Pada 2019, Hidayat Pranata meninggal dunia. Lalu, suaminya juga punya itikad baik. Lukito sempat berkonsultasi pada seseorang bernama Suryo untuk menghitung biaya menebus sisa sertifikat yang masih ada di tangan keluarga koleganya itu. Namun belum sempat menebus, Lukito Lutiarso meninggal dunia pada 2021.

"Belum ada 40 hari, tiba-tiba istri almarhum pak Hidayat mengatakan bahwa yang kita tinggal, sepihak diklaim milik mereka. Saat itu kami dalam keadaan berduka, karena ada keluarga lain yang meninggal dunia. Hal itu pun dikatakan ke cucu saya yang tidak tahu apa-apa," ucapnya lirih.

Pihaknya pun berkonsultasi pada pengacara waktu itu dan memutuskan untuk menggugat secara perdata, sebagai upayanya mempertahankan tanah keluarganya. Proses perdata berlangsung di tingkat pengadilan negeri hingga kasasi di tingkat Mahkamah Agung. Diakuinya bahwa hingga kasasi, pihaknya selalu kalah.

Namun pihak keluarga tidak menyerah dengan mengajukan upaya pengajuan kembali (PK) yang putusannya belum turun hingga saat ini.

Ternyata pihak lawan melaporkan keluarganya ke Direktorat Reserse Kriminal Umum (Ditreksrimum) Polda Jawa Tengah dengan dugaan perkara tindak pidana memakai tanah tanpa izin yang berhak atau kuasanya dan atau memasuki pekarangan tanpa izin yang berhak. Hal itu tertuang dalam pasal 6 Peraturan Pemerintah Pengganti Undang-undang (Perppu) Nomor 51 Tahun 1960 Tentang Larangan Pemakaian Tanah Tanpa Izin Yang Berhak Atau Kuasanya, dan/atau pasal 167 Kitab Undang-undang Hukum Pidana (KUHP). Hingga akhirnya Lanny Setyawati dan tiga anaknya ditetapkan jadi tersangka.

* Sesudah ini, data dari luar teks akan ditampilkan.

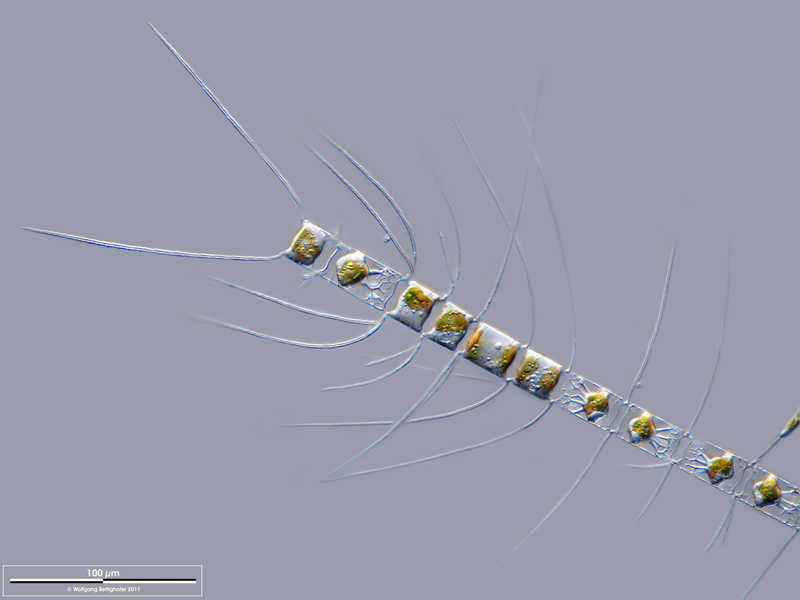 Sample from North Sea near Heligoland (spring diatom bloom). The image was built up using several photomicrographic frames with manual stacking technique. Images were taken using Zeiss Universal with Olympus C7070 CCD camera.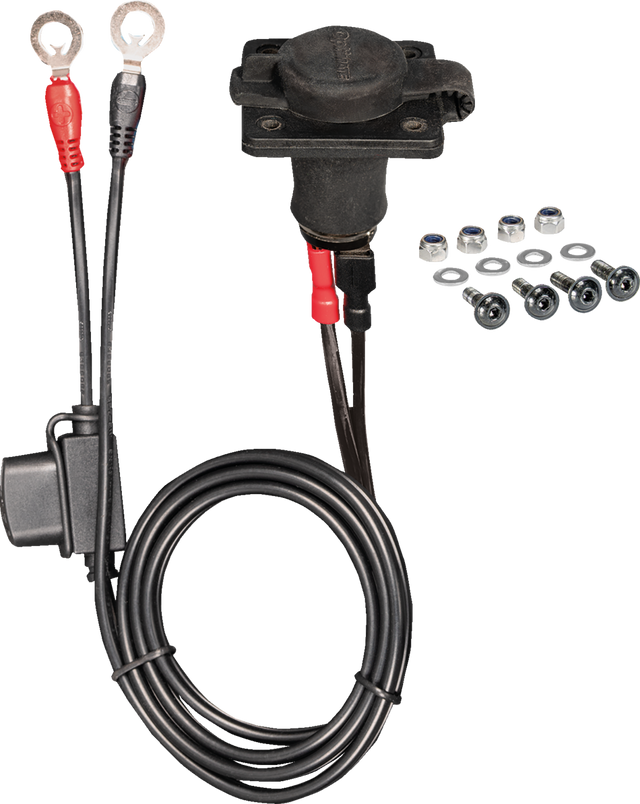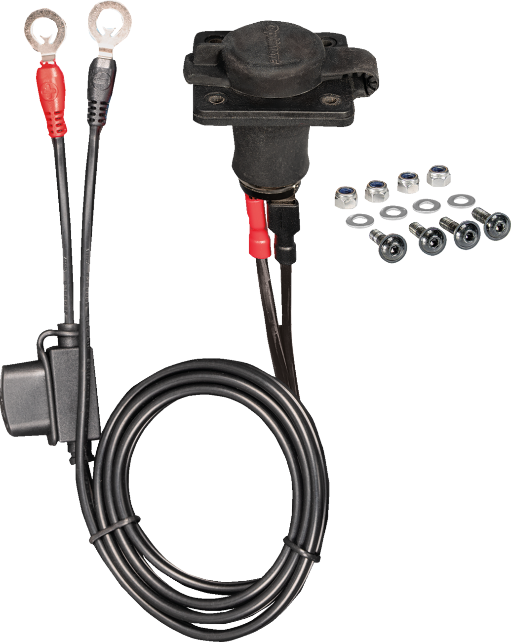 Creates an external charging and power connection point on a motorcycle, UTV or ATV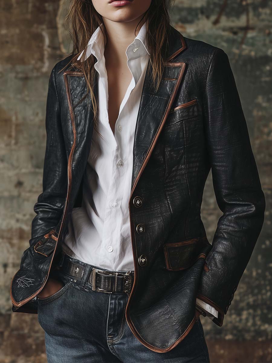Vintage Black Eco Leather Blazer With Contrast Trim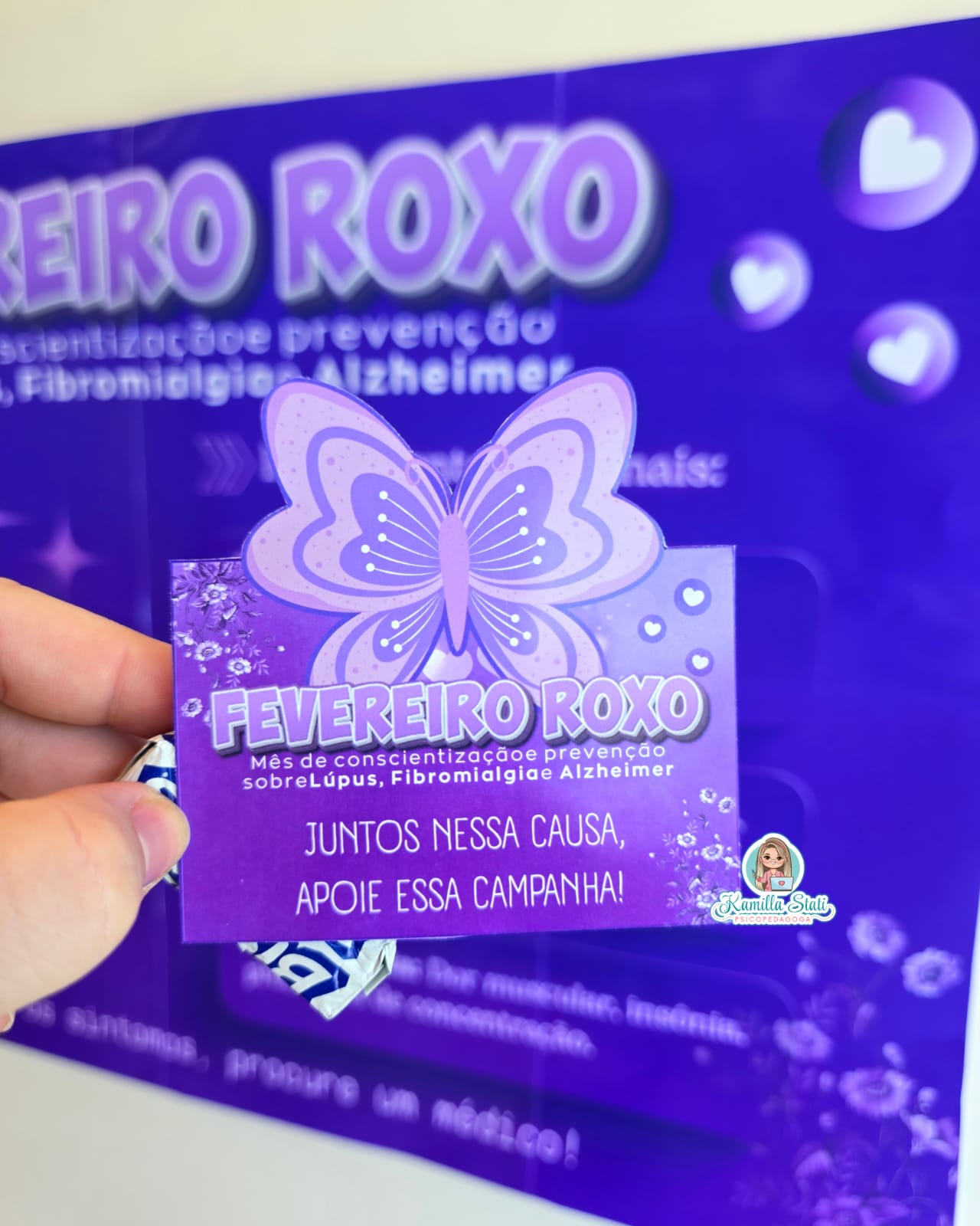 Painel fevereiro roxo + lembrancinha

"Padahal proses perdata belum selesai, kok bisa jadi tersangka? Lagipula, kalau jual beli biasa, masak sertifikat di Jalan Bandung bisa ditebus? Lalu kami bisa menempati sampai sekarang?" tanyanya.

Lanny menyatakan akan tetap berusaha hingga akhir untuk mencari keadilan hingga inkracht (berkekuatan hukum tetap) dan ada perintah resmi dari pengadilan.